You can do what Mark suggests without introducing a new database to the application, or changing the application or its interface to the database at all (one important change, of course, would be the removal of any foreign keys or other database-dependent features). You can simply create your table(s) in the new database, then add an INSTEAD OF INSERT trigger to the table in the current database (I assume there are no updates to the logging table, but you may also need an INSTEAD OF DELETE trigger in case you don't directly control the process that performs the purging). That will help with writes, but you'll have to point reads elsewhere, since there are no INSTEAD OF SELECT triggers. Another alternative would be to rename the existing table and create a synonym or even a view that points to the new table.


If you're going to need to clean up the logs table that has grown, I would avoid a single atomic transaction like:

DELETE dbo.logs_table WHERE [datetime] < '20121201';

This will cause massive log growth and will take a long time. Instead you can break the cleanup into chunks, e.g.

BEGIN TRANSACTION;

SELECT 1;

WHILE @@ROWCOUNT > 0
BEGIN
  COMMIT TRANSACTION;

  -- if in simple: CHECKPOINT
  -- otherwise: BACKUP LOG

  BEGIN TRANSACTION;

  DELETE TOP (1000) FROM dbo.logs_table WHERE [datetime] < '20121201';
END

I picked 1000 and Dec. 1st arbitrarily, I don't know what fits your scenario best. The point is that you want to keep transactions short and contained, and prevent any long-term impact while you clean up the table. Another option I've used in the past, instead of deleting 99% of the junk in a table, move the 1% you want to keep to a new table and drop the old one.

BEGIN TRANSACTION;

SELECT * 
  INTO dbo.new_logs_table 
  FROM dbo.logs_table
  WHERE [datetime] >= '20121201'

COMMIT TRANSACTION;

-- create indexes/constraints/triggers on dbo.new_logs_table

BEGIN TRANSACTION;
  DROP TABLE dbo.logs_table;
  EXEC sp_rename N'dbo.new_logs_table', N'logs_table', N'OBJECT';
COMMIT TRANSACTION;

If you say the logs have never been purged, then you may very well be in a scenario where the database will be at a size that you don't anticipate you will ever need again (say, if you only intend to ever keep a week of logs at a time). In this case I might go along with a shrink operation, but only if truly necessary (e.g. you really do need the space for other purposes). A bunch of empty pages aren't going to affect your backups or other operations, and the pages will eventually be fully deallocated and reused.


The largest table stores complete XML documents from transactions between the app and APIs of sites like eBay.

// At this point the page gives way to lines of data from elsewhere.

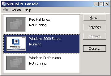 Официально Virtual PC поддерживает в качестве гостевых операционных систем только настольные продукты Microsoft и OS/2, но в действительности может работать с гораздо большим количеством гостевых операционных систем. Большинство операционных систем, совместимых с платформой x86, будут работать с Virtual PC в качестве гостевых ОС. Я успешно устанавливал таким образом Red Hat Linux и Windows 2000 Server. Однако Microsoft не поддерживает запуск серверных систем Windows и Linux в среде Virtual PC, поэтому я не рекомендую использовать Virtual PC для важных производственных приложений, работающих с этими операционными системами.
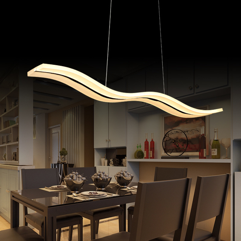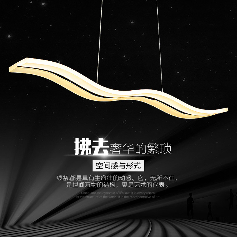 餐厅吊灯现代简约大气鱼线超薄波浪形餐桌吧台饭厅吊灯具
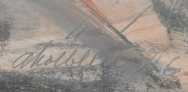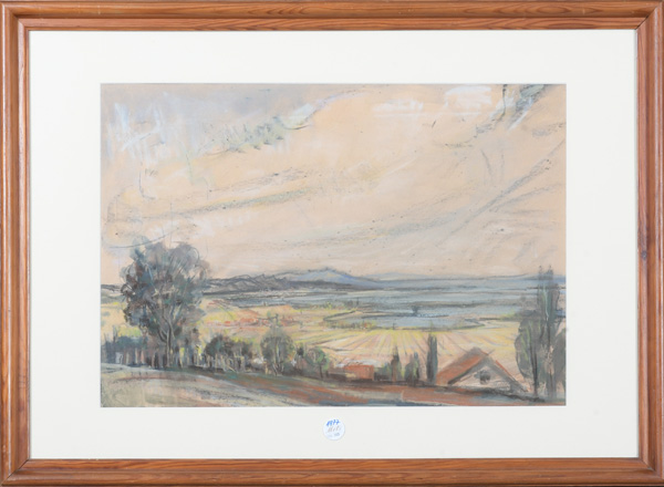 - Katalog-Nr: 1877Albin Kölblin (1896-1963). Landschaft mit Bäumen, Gebäuden und See. Mischtechnik, re./u./sign./dat. (19)46, mit Passepartout hi./Gl. gerahmt, 46,5 x 64,5 cm.o.L.
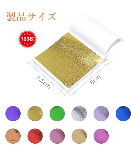 ・?いろいろなシーンに使える金箔ご自分の作品などに貼り付けて加工する場合は、フレークタイプや既に加工がなされている金箔よりも、この工芸用のシートタイプがおすすめです。8*8.5cmの大きさがあり、広い面積にも貼り付けることができます。ヘアとセルフネイル、DIYジュエリー・手作りアート・絵画・家具装飾・粘土ジェル、ネイル用品、ハンドメイド作品など幅広い用途にお使いいただけます。

I'm working with a system at the moment that does exactly the same. While Mat's comment about 230GB not being massive by today's standards is fair, it's still 200GB more than you need for the system to operate. It may be occupying buffer pool, it's certainly contributing to larger and longer backups and of primary concern, it will require longer restore time in the event of a disaster.

Preferable (if the application code is accessible and in a fit state to tolerate change) would be to push any non-critical logging to a different database. You can then switch it to SIMPLE recovery and forego transaction log backups. Obviously this is only suitable for data where loss of point-in-time recovery is deemed acceptable.

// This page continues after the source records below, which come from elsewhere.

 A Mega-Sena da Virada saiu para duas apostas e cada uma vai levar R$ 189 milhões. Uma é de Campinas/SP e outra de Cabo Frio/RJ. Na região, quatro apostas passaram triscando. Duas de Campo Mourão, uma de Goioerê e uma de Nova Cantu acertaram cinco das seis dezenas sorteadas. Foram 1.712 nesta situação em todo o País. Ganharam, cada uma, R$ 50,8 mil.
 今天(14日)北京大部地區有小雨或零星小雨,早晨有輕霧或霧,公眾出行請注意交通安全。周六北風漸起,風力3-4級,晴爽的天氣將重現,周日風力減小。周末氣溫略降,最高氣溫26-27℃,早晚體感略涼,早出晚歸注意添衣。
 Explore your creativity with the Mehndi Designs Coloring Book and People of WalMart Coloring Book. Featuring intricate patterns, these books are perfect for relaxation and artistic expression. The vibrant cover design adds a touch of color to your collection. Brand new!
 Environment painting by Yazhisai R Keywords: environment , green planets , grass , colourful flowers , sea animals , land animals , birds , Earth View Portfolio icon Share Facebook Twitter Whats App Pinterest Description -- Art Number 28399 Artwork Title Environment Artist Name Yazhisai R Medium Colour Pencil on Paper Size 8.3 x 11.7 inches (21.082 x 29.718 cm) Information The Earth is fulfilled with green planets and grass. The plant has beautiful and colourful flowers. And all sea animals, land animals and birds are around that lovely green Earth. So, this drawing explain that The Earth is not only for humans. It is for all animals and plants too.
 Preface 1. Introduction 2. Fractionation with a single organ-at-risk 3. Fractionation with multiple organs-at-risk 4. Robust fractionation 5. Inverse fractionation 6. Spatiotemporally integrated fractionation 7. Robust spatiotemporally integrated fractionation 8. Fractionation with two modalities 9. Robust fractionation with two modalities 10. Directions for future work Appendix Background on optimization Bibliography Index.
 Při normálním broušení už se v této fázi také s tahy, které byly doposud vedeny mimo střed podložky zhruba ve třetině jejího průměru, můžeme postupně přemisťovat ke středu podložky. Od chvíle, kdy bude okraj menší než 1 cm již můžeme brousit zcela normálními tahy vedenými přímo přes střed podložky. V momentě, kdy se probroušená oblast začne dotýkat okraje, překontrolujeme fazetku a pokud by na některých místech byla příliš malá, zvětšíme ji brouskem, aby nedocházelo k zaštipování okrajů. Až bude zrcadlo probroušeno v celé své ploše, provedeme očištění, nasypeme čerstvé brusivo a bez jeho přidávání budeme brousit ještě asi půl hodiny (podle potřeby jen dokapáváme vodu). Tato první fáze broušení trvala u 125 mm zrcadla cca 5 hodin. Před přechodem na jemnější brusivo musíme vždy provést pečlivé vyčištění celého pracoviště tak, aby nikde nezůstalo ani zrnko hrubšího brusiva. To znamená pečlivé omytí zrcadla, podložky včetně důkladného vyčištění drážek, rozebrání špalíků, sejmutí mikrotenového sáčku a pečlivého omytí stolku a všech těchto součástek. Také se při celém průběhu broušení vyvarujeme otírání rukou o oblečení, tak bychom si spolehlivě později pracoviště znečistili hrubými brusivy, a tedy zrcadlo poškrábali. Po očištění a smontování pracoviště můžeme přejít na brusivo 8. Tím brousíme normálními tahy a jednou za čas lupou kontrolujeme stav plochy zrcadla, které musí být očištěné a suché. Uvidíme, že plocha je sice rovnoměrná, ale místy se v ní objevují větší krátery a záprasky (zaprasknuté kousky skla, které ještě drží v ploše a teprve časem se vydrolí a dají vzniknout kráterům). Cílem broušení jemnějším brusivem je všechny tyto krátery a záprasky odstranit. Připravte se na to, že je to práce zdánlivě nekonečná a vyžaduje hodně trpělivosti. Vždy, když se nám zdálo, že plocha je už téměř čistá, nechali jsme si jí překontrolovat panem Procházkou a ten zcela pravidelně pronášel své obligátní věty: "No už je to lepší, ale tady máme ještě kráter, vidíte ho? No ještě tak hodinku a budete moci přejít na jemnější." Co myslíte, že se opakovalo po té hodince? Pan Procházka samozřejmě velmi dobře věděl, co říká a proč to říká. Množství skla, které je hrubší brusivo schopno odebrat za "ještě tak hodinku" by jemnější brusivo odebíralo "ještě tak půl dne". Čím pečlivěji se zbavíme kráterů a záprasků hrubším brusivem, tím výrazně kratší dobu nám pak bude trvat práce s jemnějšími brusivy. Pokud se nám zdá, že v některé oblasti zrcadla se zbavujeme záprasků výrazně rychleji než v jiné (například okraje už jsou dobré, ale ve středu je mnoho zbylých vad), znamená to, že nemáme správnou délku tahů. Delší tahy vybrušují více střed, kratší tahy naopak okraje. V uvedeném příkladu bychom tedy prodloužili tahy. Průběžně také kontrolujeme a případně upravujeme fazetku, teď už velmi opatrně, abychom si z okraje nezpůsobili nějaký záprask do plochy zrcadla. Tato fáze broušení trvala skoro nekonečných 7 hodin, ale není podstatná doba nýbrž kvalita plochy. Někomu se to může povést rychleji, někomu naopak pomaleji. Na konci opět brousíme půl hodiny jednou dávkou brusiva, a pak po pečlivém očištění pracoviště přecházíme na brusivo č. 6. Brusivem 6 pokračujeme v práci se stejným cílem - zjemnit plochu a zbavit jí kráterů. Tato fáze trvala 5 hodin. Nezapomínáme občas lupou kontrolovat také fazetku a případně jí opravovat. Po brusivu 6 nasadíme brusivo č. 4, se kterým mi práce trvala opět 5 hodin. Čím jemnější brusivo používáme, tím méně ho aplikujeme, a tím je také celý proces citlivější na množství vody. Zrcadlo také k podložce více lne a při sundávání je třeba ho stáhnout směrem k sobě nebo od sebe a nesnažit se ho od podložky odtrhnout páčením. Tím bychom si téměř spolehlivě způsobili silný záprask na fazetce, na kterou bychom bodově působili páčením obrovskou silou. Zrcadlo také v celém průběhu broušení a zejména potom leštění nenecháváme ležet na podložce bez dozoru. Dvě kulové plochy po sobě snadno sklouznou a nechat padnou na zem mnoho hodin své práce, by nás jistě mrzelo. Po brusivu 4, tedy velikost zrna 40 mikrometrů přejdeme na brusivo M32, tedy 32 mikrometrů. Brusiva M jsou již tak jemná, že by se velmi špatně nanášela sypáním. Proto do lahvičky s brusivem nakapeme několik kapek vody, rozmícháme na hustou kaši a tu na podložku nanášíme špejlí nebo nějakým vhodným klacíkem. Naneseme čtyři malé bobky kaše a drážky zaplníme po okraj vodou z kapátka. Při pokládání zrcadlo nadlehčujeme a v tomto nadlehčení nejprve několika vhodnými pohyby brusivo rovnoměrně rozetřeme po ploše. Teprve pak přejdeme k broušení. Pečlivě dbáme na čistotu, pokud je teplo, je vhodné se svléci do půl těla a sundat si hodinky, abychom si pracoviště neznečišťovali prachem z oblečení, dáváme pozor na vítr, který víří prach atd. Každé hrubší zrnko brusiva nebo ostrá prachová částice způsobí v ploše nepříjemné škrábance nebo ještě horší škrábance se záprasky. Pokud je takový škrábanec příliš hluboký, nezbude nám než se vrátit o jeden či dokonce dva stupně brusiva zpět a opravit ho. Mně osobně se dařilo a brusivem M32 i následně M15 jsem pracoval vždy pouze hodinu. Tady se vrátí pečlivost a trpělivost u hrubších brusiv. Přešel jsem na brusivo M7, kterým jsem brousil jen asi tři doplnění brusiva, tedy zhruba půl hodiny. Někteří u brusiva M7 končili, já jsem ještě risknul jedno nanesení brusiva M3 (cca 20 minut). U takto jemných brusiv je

In the case I'm looking at, the API request/response documents that are being logged are in effect duplicate data. The transaction details are being stored in the database elsewhere, the documents are for debug purposes only.

Alternately, purge the data more frequently.

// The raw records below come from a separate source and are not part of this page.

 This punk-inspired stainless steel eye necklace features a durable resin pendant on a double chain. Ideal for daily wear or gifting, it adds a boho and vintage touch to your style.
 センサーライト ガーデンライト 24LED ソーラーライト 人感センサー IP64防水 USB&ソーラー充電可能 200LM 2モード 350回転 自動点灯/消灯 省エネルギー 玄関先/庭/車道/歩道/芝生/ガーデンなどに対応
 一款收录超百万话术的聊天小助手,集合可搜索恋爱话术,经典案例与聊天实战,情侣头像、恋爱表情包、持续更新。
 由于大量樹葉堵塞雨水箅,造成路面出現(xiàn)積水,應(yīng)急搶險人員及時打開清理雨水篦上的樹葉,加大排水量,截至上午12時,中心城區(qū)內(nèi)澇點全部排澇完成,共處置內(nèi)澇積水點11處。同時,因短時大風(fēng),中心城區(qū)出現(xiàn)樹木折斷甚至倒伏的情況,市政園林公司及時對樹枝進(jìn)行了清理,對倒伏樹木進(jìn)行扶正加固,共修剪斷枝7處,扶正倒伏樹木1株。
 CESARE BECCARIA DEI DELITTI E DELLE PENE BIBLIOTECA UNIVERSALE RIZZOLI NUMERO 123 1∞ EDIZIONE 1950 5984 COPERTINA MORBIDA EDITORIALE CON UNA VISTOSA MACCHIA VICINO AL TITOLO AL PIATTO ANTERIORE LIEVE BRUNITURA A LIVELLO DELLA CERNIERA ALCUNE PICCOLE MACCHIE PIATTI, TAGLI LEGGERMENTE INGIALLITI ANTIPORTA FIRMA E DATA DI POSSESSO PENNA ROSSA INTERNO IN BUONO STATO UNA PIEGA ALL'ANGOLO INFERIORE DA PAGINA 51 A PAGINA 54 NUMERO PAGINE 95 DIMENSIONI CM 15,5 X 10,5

But... If your assessment is correct and the data of interest is 30GB, the 32GB server is dedicated to this database, that should be adequate. I'm inclined to suggest you do some more in depth analysis of where your problem is originating from, rather than leap straight into trying to resolve the logging/size issue prematurely.

Crack out the DMV queries. Glen Berry's DMV Diagnostic scripts contains examples for identifying the procedures and ad hoc queries that are consuming the most IO or CPU time. sp_whoisactive is very useful for live analysis.

If you find anything of interest, feel free to post a new question with the details.